The Graveyard Book by Neil Gaiman, Books for Boys Review


Title: The Graveyard Book
Author: Neil Gaiman
Genre: Fantasy
Release Date: September 30, 2008
Synopsis (from Amazon):

Bod is an unusual boy who inhabits an unusual place—he’s the only living resident of a graveyard. Raised from infancy by the ghosts, werewolves, and other cemetery denizens, Bod has learned the antiquated customs of his guardians’ time as well as their ghostly teachings—such as the ability to Fade so mere mortals cannot see him.

Can a boy raised by ghosts face the wonders and terrors of the worlds of both the living and the dead?

The Graveyard Book is the winner of the Newbery Medal, the Carnegie Medal, the Hugo Award for best novel, the Locus Award for Young Adult novel, the American Bookseller Association’s “Best Indie Young Adult Buzz Book,” a Horn Book Honor, and Audio Book of the Year.

Why I Think Boys May Enjoy This

Any book that opens with the murder of three people is sure to entice any reader who is into things a little macabre. The Graveyard Book is no exception to this concept. For that matter, anyone familiar with some of Gaiman’s other works for younger audiences (CoralineStardust) shouldn’t be surprised at the darker material contained within.

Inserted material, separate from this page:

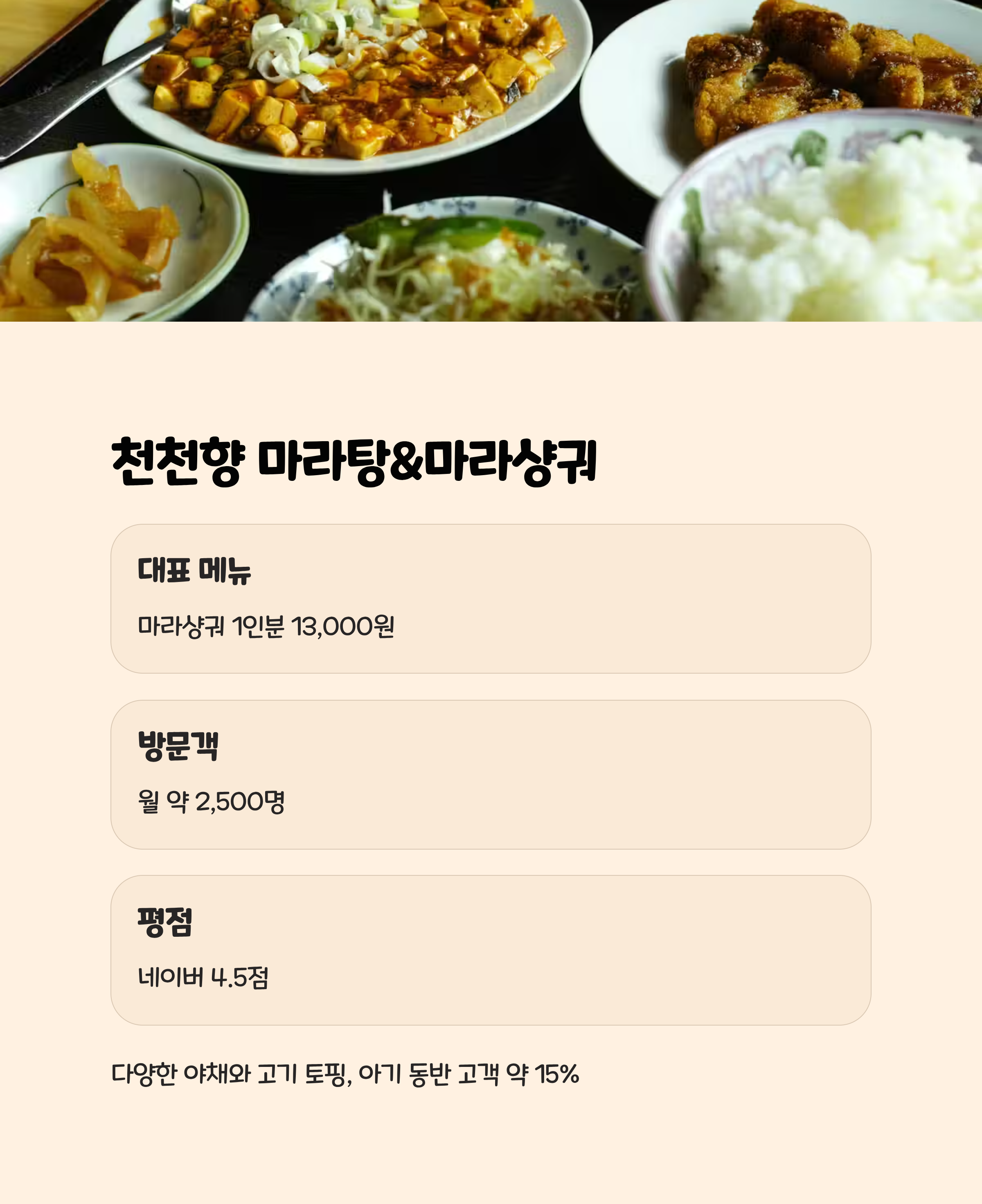 특히 라화방 마라탕 마곡점은 3단계 이상의 맵기 조절이 가능하며, 마라탕은 9,000원~11,000원, 마라샹궈는 12,000원~15,000원대로 가성비 좋은 가격대를 자랑합니다. 천향 마라탕 본점은 신선한 채소와 다양한 고기 토핑을 선택할 수 있고, 유아 고객 비율이 약 15%에 달해 가족 단위 방문객에게도 안성맞춤입니다. 동네순궈는 해산물 세트와 훠궈, 마라 요리를 한 자리에서 즐길 수 있으며, 주말 기준 하루 300명 이상이 방문할 정도로 높은 고객 만족도(92%)를 기록하고 있습니다.

An interesting connection that I didn’t make until I was listening to the author himself read an essay he wrote as a backmatter piece for the audiobook version I listened to is that, at its core, The Graveyard Book is a reimagining of Kipling’s The Jungle Book. Only instead of being raised by wild animals, our protagonist is raised by the denizens of a graveyard, his adoptive parents being ghosts (instead of wolves) and his main instructor/guardian being a vampire (instead of a panther).

Even though the concept is borrowed from a previous work, the result is a completely unique story. One of the things that I loved the most was how Gaiman was able to get into Bod’s mind and motivations at various stages in live, ranging from infant to teenager. It truly felt as though we were able to get into his head and learn and grow along with Bod. Part of the reason this worked so well was that each chapter felt like a closed unique short story in and of itself. As each chapter/story is told at a different age for Bod, it really felt like the story was written more in an episodic nature, with an overarching storyline threading them together but a complete story within each chapter.

I really want to know more about Silas and Miss Lupesco and the Honor Guard that is only touched upon throughout the story. I could imagine a wonderful Gaimain-penned version of The League of Extraordinary Gentlemen starring these characters (or, hey, maybe Gaiman should run Universal’s new attempt at a Monster Universe series of films [one could hope]). Either way, I loved every aspect of this book and really hope Gaiman has more in the tank for this world in the future.


Well, the book literally starts with a triple murder. That being said, the dark nature of the book as set from the beginning is tempered repeatedly by the innocence of Bod learning of all the supernatural aspects of the graveyard and its inhabitants through the eyes of a growing child.

As I said above, Gaiman is known for “darker” material even with his books for young audiences. There are no bad words (only alluded to),  extreme gore (again, death is an obvious common thread but not extreme violence), or sexual concerns at all. It’s all-ages appropriate within the context of the necessarily macabre nature of the setting and its characters.